He awoke at nine the next morning. Bright sunshine streamed in the
bedroom's east windows. The telephone was ringing. Louis reached up and snared
it. 'Hello?'
'Hi!' Rachel said. 'Did I wake you up? Hope so.'
'You woke me up, you bitch,' he said, smiling.
'Ooooh, such nasty language, you bad old bear,' she said. 'I tried to call you last
night. Were you over at Jud's?'
He hesitated for only the tiniest fraction of a moment.
'Yes,' he said. 'Had a few beers. Norma was up at some sort of Thanksgiving
supper. I thought about giving you a ring, but… you know.'
'Yes,' she said. 'I do know.'
They chatted a while. Rachel updated him on her family, something he could
have done without, although he took a small, mean satisfaction in her news that
her father's bald spot seemed to be expanding at a faster rate.
'You want to talk to Gage?' Rachel asked.
Louis grinned. 'Yeah, I guess so,' he said. 'Don't let him hang up the phone like
he did the other time.'
Much rattling at the other end. Dimly he heard Rachel cajoling the kid to say Hi,
Daddy.
At last Gage said, 'Hi, Dayee.'
'Hi, Gage,' Louis said cheerfully. 'How you doing? How's your life? Did you pull
over your grandda's pipe-rack again? I certainly hope so. Maybe this time you can
ruin his stamp collection as well.'
Gage babbled on happily for thirty seconds or so, interspersing his gobbles and
grunts with a few recognizable words from his growing vocabulary—Mommee, Ellie,
Grandda, Granma, car (pronounced in the best Yankee tradition as kaaaaaaaa,
Louis was amused to note), twuck, and shit.
At last Rachel pried the phone away from him, to Gage's wail of indignation and
Louis's measured relief—he loved his son and missed him like mad, but holding a
conversation with a not-quite-two-year-old was a little bit like trying to play
cribbage with a lunatic; the cards kept going everywhere and sometimes you found
yourself pegging backwards.
'So how's everything there?' Rachel asked.
'Okay,' Louis said, with no hesitation at all this time—but he was aware he had
crossed a line, back when Rachel had asked him if he had gone over to Jud's last
night and he told her he had. In his mind he suddenly heard Jud Crandall saying:
The soil of a man's heart is stonier, Louis… a man grows what he can… and he
tends it. 'Well… a little dull, if you want to know the God's honest. Miss you.'
'You actually mean to tell me you're not enjoying your vacation from this
sideshow?'
'Oh, I like the quiet,' he admitted, 'sure. But it gets strange after the first
twenty-four hours or so.'
'Can I talk to Daddy?' It was Ellie, in the background.
'Louis?
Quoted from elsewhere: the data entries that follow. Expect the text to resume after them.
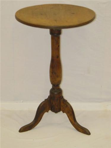 CT QUEEN ANNE MAPLE & PINE ROUND TOP CANDLESTAND W/ CABRIOLE LEGS & SHOE FEET (25 1/2" T X 17" W) - WEAR, RESTORATIONS & IMPERFECTIONS
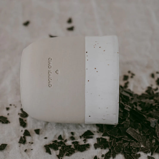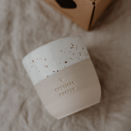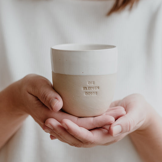 Eulenschnitt - kleiner Steingut Becher "Kleine Dinge" (natur/weiß)
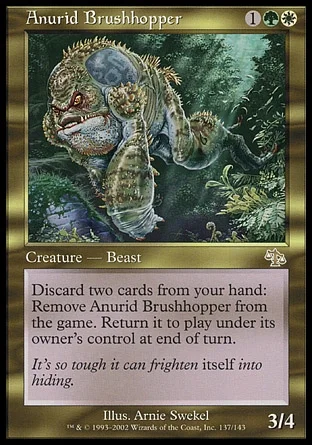 Discard two cards from your hand: Remove Anurid Brushhopper from the game. Return it to play under its owner`s control at end of turn.
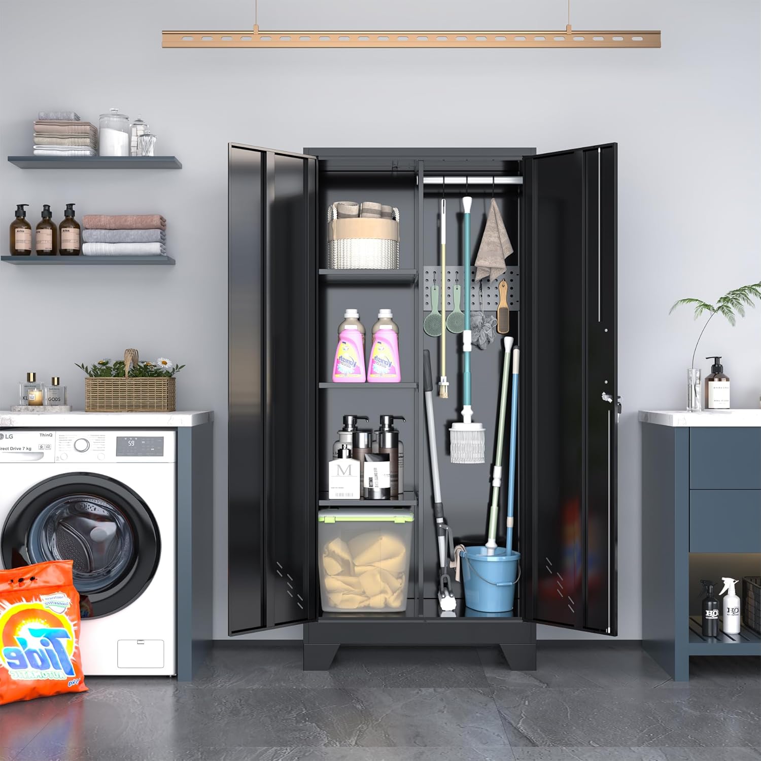 Metal Storage Cabinet,61" Tall Storage Cabinet,Utility Cabinet for Brooms and Mops,Laundry Room Cabinets,Tool Lockable Organization,Black
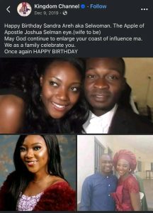 “Happy Birthday Sandra Areh aka Selwoman. The Apple of Apostle Joshua Selman eye (wife to be).”
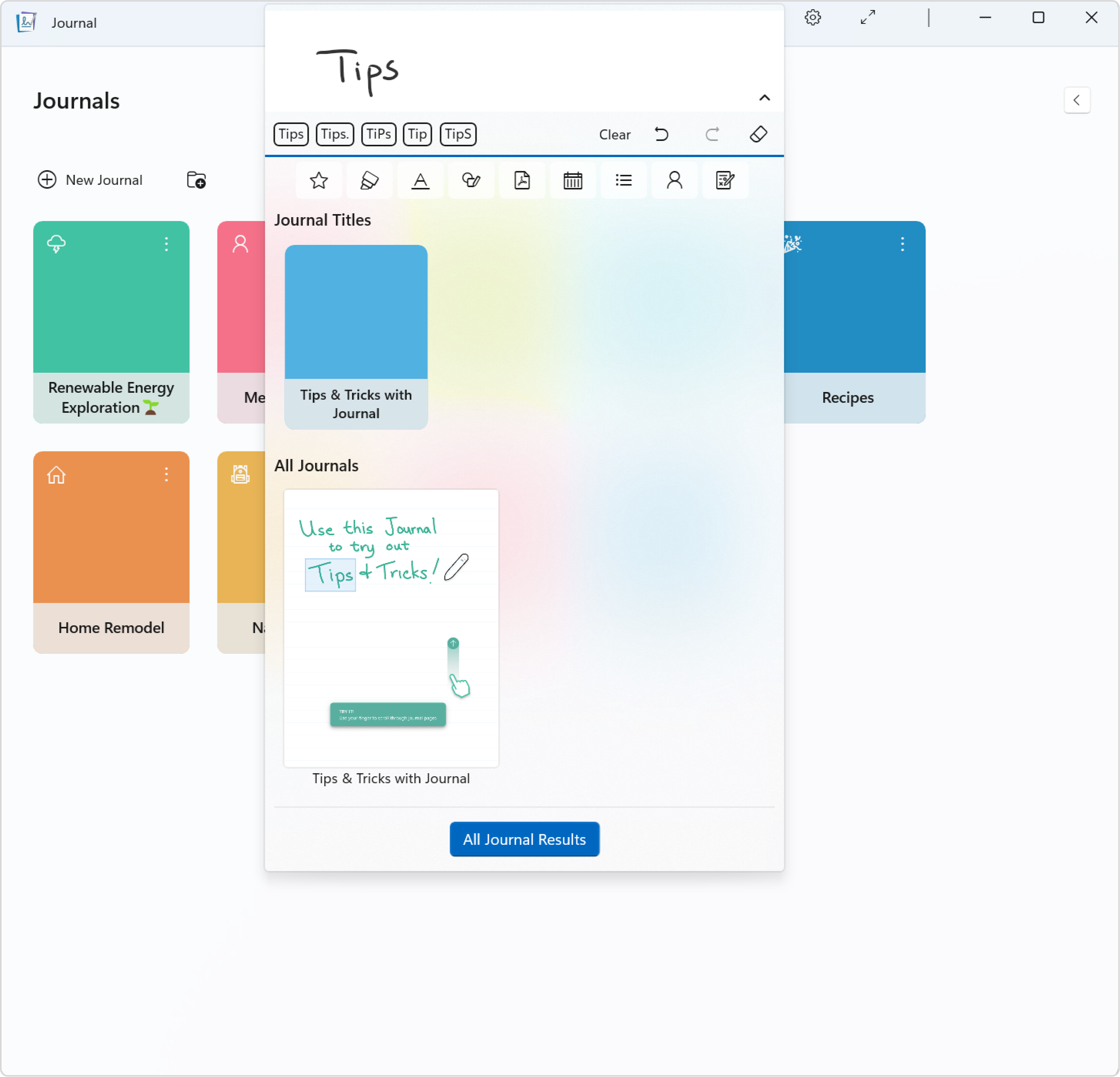 The Search Bar at the top of Microsoft Journal brings you a powerful search experience. Quickly start a keyword search from anywhere in the app and add filters to enhance your search.

Ellie's here.'
'Okay, put her on.'
He talked to Ellie for almost five minutes. She prattled on about the doll
Granma had gotten her, about the trip she and Grandda had taken to the
stockyards ('Boy, do they stink, Daddy,' Ellie said, and Louis thought: Your
grandda's no rose, either, sweetie), about how she had helped make bread, and
about how Gage had gotten away from Rachel while she was changing him. Gage
had run down the hallway and pooped right in the doorway leading into Grandda's
study (atta boy, Gage! Louis thought, a big grin spreading over his face).
He actually thought he was going to get away—at least for this morning—and
was getting ready to ask Ellie for her mother again so he could say goodbye to her
when Ellie asked, 'How's Church, Daddy? Does he miss me?'
The grin faded from Louis's mouth, but he answered readily and with the perfect
note of off-handed casualness: 'He's fine, I guess. I gave him the left-over beef stew
last night and then put him out. Haven't seen him this morning, but I just woke
up.'
Oh boy, you would have made a great murderer—cool as a cucumber. Dr Creed,
when did you last see the deceased? He came in for supper. Had a plate of beef
stew, in fact. I haven't seen him since then.
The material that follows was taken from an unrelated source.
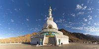 De Shanti Stupa in Leh, Ladakh, Jammu en Kasjmir, India, is een prachtig symbool van het boeddhisme en voert de kijker mee in een fascinerende en spirituele sfeer. Toen ik naar het panoramische beeld van de Shanti Stupa keek, werd ik meegesleurd in een golf van vrede en sublimiteit.

'Well, give him a kiss for me.'
'Yuck, kiss your own cat,' Louis said, and Ellie giggled.
'You want to talk to Mummy again, Daddy?'
'Sure. Put her on.'
Then it was over. He talked to Rachel for another couple of minutes; the subject
of Church was not touched upon. He and his wife exchanged love-you's and Louis
hung up.
'That's that,' he said to the empty, sunny room, and maybe the worst thing
about it was that he didn't feel bad, didn't feel guilty, at all.